RFK is restoring 7 peptides. 20 states are restricting your supplements. This is the same fight.
Health freedom is being won and lost at the same time, and it's time we do something about it.
Last week, hundreds of you put your names on a comment section and told us what you take and why it matters. This week, the fight got bigger.
On one front, access is opening. On the other, it's closing. And if you think these two things aren't connected, keep reading.
The peptide reversal
RFK told Joe Rogan he's "a big fan" of peptides. This week the FDA made it official.
Seven compounds banned from compounding pharmacies in 2023 are now under formal review:
- BPC-157 for gut repair.
- TB-500 for tissue healing.
- GHK-Cu for skin and collagen repair.
- Epitalon for cellular aging.
- DSIP for sleep.
- GHRP-2 and
- GHRP-6 for growth hormone support.
The FDA will hold an advisory panel on July 23-24 to decide whether to restore compounding access.
Two years ago, these were pulled with three words on a federal list: "significant safety risks." No completed human trials required. No confirmed adverse events cited. Three words on a document, and access disappeared overnight for millions of patients and practitioners.
Now those three words are being reconsidered. RFK is pushing the FDA to act before the panel even meets.
This is what it looks like when someone fights for health freedom at the federal level. Access that was taken by language is being returned by language.
Remember that. Because the opposite is happening to your shelf right now.

The supplement crackdown
While the federal government is opening one door, 20 state legislatures are closing another.
New York already passed a law restricting the sale of products marketed for "muscle building" or "weight loss." Creatine is named in the statute. A federal court upheld it. And since that ruling, the floodgates opened. New Jersey, California, Washington, Texas, Illinois, Michigan, and more than a dozen other states have introduced their own versions.
In our last piece, we broke down the state-by-state crackdown on supplement access. If you missed it, [read it here].
What we didn't fully cover last time is how the mechanism works. And it's the same mechanism that banned those 7 peptides.
The FDA used three words to restrict peptides: "significant safety risks." State legislators use six words to restrict your products: "marketed for muscle building or weight loss." The phrases are different. The playbook is identical. Label something with the right language, and access disappears without a single study proving harm.
The FDA didn't restrict peptides because clinical trials proved they were dangerous. The product doesn't change. The science doesn't change. The words change. And the words carry the legal power.
That's how you lose access without anyone proving you should. And that's how you get it back when someone with authority decides the words should change.

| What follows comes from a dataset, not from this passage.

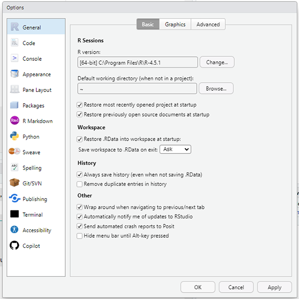 Think of this window as your personal cockpit. Every slider, checkbox, and dropdown lets you fine-tune RStudio’s behavior, appearance, and workflow. Below is a guide to the most-used tabs—so when you’re ready to tweak, you’re not poking around in the dark.

The proof is on your shelf
Creatine is named in the statute. Over 1,000 peer-reviewed studies across three decades confirm it increases strength, improves cognitive function, and supports bone density. No pattern of safety concerns has emerged in the FDA's adverse event reporting system despite decades of widespread use. And they want to restrict it. But creatine didn't trigger the law. The word "muscle" on the label did.
We fought alongside the NPA when the FDA tried to reclassify NMN. After a citizen petition and a lawsuit, the FDA reversed course in September 2025. NMN stayed legal. Now the word "energy" or "metabolism" on the label gives state politicians the tool to finish what the FDA couldn't.
Tongkat Ali has published, peer-reviewed research on cortisol and hormonal balance. The word "performance" makes it a target. Berberine has clinical data on metabolic health. The word "metabolism" puts it in scope.
These are the same products +100 of you named last week:
An 81-year-old who bikes 20 miles a day, swims, and trains at the gym. A 77-year-old contractor who's never been out of shape and still works with his hands every day.
Real people. Real names. Real comments on our last post.
Several of you said it in the comments before we did: this is a First Amendment issue. Restricting truthful words on a label is restricting speech. The CRN is already challenging New York's law on those exact grounds. The case is still open.
Legal or restricted. Based on which words are on the outside, not what's on the inside.
This isn't abstract. These bills reach products you told us you take every day...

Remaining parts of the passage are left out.